• The problem
Print the line containing "It's not always", then every line after it through the end of the material, exactly as written and without pictures.

• Records to use
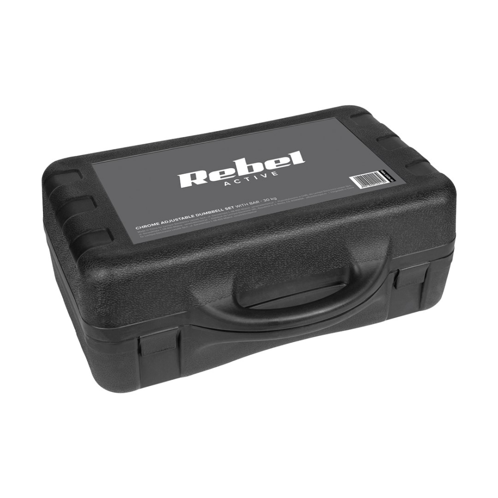 REBEL ACTIVE Chrome Adjustable Dumbbells in a Case 30 kg with Barbell
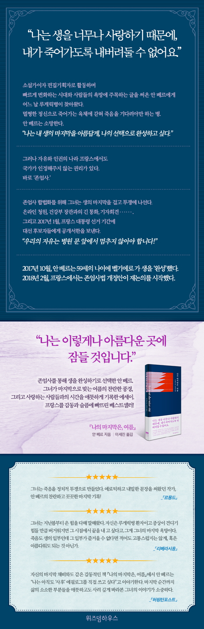 ÇÁ¶û½º º¸¸£µµ¿¡¼ ž´Ù. ¼Ò¼³°¡ÀÌÀÚ ÆíÁý±âȹÀڷΠȰµ¿ÇÏ¸ç ºü¸£°Ô º¯ÈÇÏ´Â ½Ã´ë¿Í »ç¶÷µéÀÇ ¿å¸Á¿¡ ÁÖ¸ñÇÏ´Â ±ÛÀ» ½è´Ù. 2015³â, ±ÙÀ§Ãà¼ºÃø»è°æÈÁõ(·ç°Ô¸¯º´) Áø´ÜÀ» ¹Þ°í »î°ú Á×À½¿¡ °üÇÑ Àΰ£ÀÇ ±Ç¸®¿¡ ´ëÇØ Ä¡¿ÇÏ°Ô °í¹ÎÇß´Ù. ÀÌÈÄ ÇÁ¶û½ºÀÇ Á¸¾ö»ç ÇÕ¹ýȸ¦ À§ÇØ ¿Â¶óÀΠû¿ø, °Ç°ºÎ Àå°ü°úÀÇ ±ä ÅëÈ, ±âÀÚȸ°ß µîÀÇ Àû±ØÀûÀΠȰµ¿À» º¸¿´´Ù. 2017³â 1¿ù, ÇÁ¶û½º ´ëÅë·É ¼±°Å ±â°£¿¡´Â ´ë¼± Èĺ¸Àڵ鿡°Ô ¡®»ýÀÇ ¸¶Áö¸·À» ½º½º·Î ¼±ÅÃÇÒ ±Ç¸®¡¯¸¦ ÁÖÀåÇÏ´Â °ø°³¼ÇÑÀ» º¸³» ÈÁ¦°¡ µÇ¾ú´Ù. 2017³â 10¿ù 2ÀÏ, 59¼¼ÀÇ ³ªÀÌ¿¡ º§±â¿¡·Î °¡ ½º½º·Î »ýÀ» ¿Ï¼ºÇß°í, 10¿ù 4ÀÏ ÀÌ Ã¥ÀÌ Ãâ°£µÇ¾ú´Ù. ÇÁ¶û½ºÀÇ Á¸¾ö»ç¹ý °³Á¤¾ÈÀº 2018³â 2¿ù ±¹È¸¿¡ Á¦ÃâµÇ¾î ³íÀÇ ÁßÀÌ´Ù.
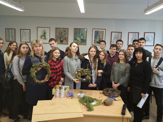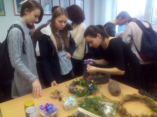 Финальная часть экскурсии была посвящена мастер-классу по фитокомпозиции, приуроченному наступающим новогодним праздникам. Студенты группы 15СПС-1 показали школьникам как изготовить рождественский венок из фитоматериалов.
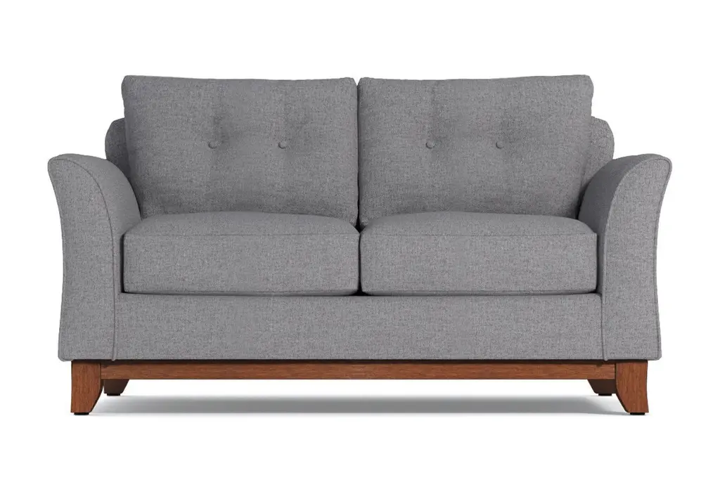 It's not always easy to find comfortable furniture that's also stylish and on trend. That's where Apt2B comes in. We specialize in high-quality modern furniture and we never sacrifice comfort. Who cares how awesome your sofa looks if you can't bear to sit in it? Take our Marco Apartment Size Sofa, for example. Its flared silhouette and button-tufted cushions rock the modern style, but it's also the perfect spot to relax and watch a movie or grab a quick cat nap. The wooden base is stained in a rich pecan finish that compliments any of the 27 available color choices. And your choice of upholstery includes everything from microfiber, polyblends, basket weaves and more. Apt2B offers a 100-percent satisfaction guarantee. Make yourself comfortable on the Marco Collection. Tufted buttons on the back cushions, and a wood base stained in a rich, espresso finish give it a modern look.
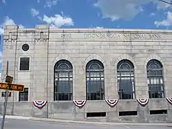Ticonderoga National Bank is a historic bank building located at Ticonderoga in Essex County, New York. It was built between 1927 and 1929 and is a two-story, three by seven bay, trapezoidal granite building in the Renaissance Revival style. It features a monumental arcade, large round arched windows, and a massive banking hall.[2]

• Expected answer
 It's not always easy to find comfortable furniture that's also stylish and on trend. That's where Apt2B comes in. We specialize in high-quality modern furniture and we never sacrifice comfort. Who cares how awesome your sofa looks if you can't bear to sit in it? Take our Marco Apartment Size Sofa, for example. Its flared silhouette and button-tufted cushions rock the modern style, but it's also the perfect spot to relax and watch a movie or grab a quick cat nap. The wooden base is stained in a rich pecan finish that compliments any of the 27 available color choices. And your choice of upholstery includes everything from microfiber, polyblends, basket weaves and more. Apt2B offers a 100-percent satisfaction guarantee. Make yourself comfortable on the Marco Collection. Tufted buttons on the back cushions, and a wood base stained in a rich, espresso finish give it a modern look.
Ticonderoga National Bank is a historic bank building located at Ticonderoga in Essex County, New York. It was built between 1927 and 1929 and is a two-story, three by seven bay, trapezoidal granite building in the Renaissance Revival style. It features a monumental arcade, large round arched windows, and a massive banking hall.[2]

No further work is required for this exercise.